◆ PROVIDED RECORDS
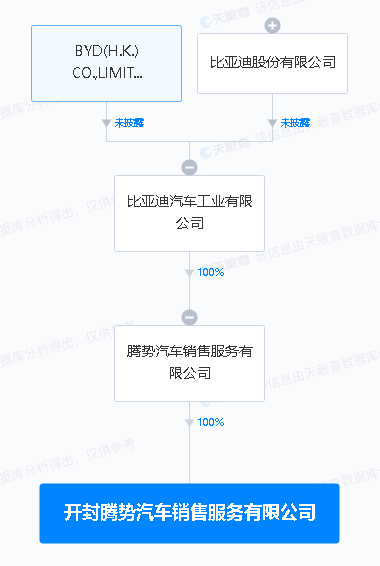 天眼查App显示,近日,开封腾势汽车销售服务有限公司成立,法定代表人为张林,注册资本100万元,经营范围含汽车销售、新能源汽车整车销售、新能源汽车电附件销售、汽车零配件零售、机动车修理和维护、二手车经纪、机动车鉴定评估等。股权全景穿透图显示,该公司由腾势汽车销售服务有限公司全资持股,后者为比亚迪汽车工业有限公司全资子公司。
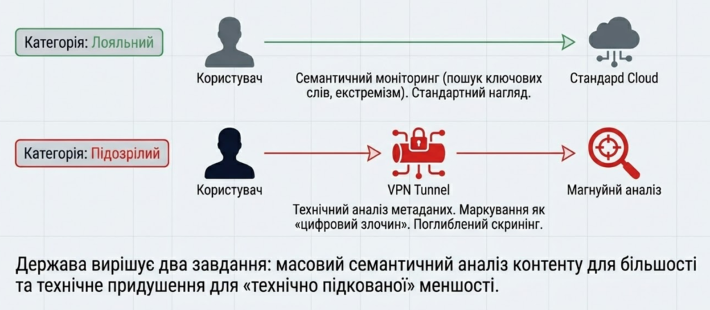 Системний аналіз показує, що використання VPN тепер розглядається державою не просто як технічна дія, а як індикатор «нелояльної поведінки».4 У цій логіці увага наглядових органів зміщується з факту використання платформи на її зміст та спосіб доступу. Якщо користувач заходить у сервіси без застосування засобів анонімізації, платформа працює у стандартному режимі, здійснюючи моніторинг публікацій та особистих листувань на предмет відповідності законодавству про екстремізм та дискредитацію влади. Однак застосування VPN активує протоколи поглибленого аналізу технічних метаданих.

==

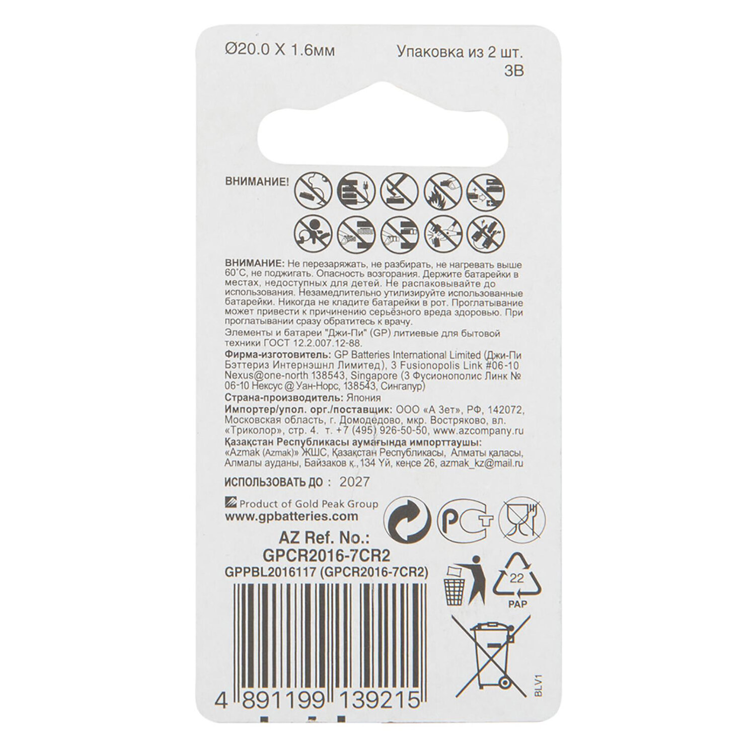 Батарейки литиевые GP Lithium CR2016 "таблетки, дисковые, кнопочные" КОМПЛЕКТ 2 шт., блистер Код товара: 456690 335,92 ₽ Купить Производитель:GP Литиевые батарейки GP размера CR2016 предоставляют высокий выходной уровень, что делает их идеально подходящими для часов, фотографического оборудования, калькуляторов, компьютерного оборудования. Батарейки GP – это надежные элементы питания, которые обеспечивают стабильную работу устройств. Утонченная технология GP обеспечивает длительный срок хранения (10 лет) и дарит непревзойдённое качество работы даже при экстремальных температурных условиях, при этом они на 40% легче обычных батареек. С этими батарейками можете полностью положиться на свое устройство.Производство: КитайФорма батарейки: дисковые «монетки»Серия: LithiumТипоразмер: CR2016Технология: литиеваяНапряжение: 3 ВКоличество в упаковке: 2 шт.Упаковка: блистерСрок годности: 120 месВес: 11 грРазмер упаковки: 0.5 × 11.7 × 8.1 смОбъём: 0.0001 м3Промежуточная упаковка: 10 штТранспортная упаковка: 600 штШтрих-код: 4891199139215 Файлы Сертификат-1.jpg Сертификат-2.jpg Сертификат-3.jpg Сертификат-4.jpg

◆ WHAT YOU WILL DO
With the pictures removed from your copy, retype the lines above from the one that contains "天眼查App显示,近日,开封" through the one that contains "Системний аналіз показує, що", exactly.

◆ EXERCISE ANSWER
 天眼查App显示,近日,开封腾势汽车销售服务有限公司成立,法定代表人为张林,注册资本100万元,经营范围含汽车销售、新能源汽车整车销售、新能源汽车电附件销售、汽车零配件零售、机动车修理和维护、二手车经纪、机动车鉴定评估等。股权全景穿透图显示,该公司由腾势汽车销售服务有限公司全资持股,后者为比亚迪汽车工业有限公司全资子公司。
 Системний аналіз показує, що використання VPN тепер розглядається державою не просто як технічна дія, а як індикатор «нелояльної поведінки».4 У цій логіці увага наглядових органів зміщується з факту використання платформи на її зміст та спосіб доступу. Якщо користувач заходить у сервіси без застосування засобів анонімізації, платформа працює у стандартному режимі, здійснюючи моніторинг публікацій та особистих листувань на предмет відповідності законодавству про екстремізм та дискредитацію влади. Однак застосування VPN активує протоколи поглибленого аналізу технічних метаданих.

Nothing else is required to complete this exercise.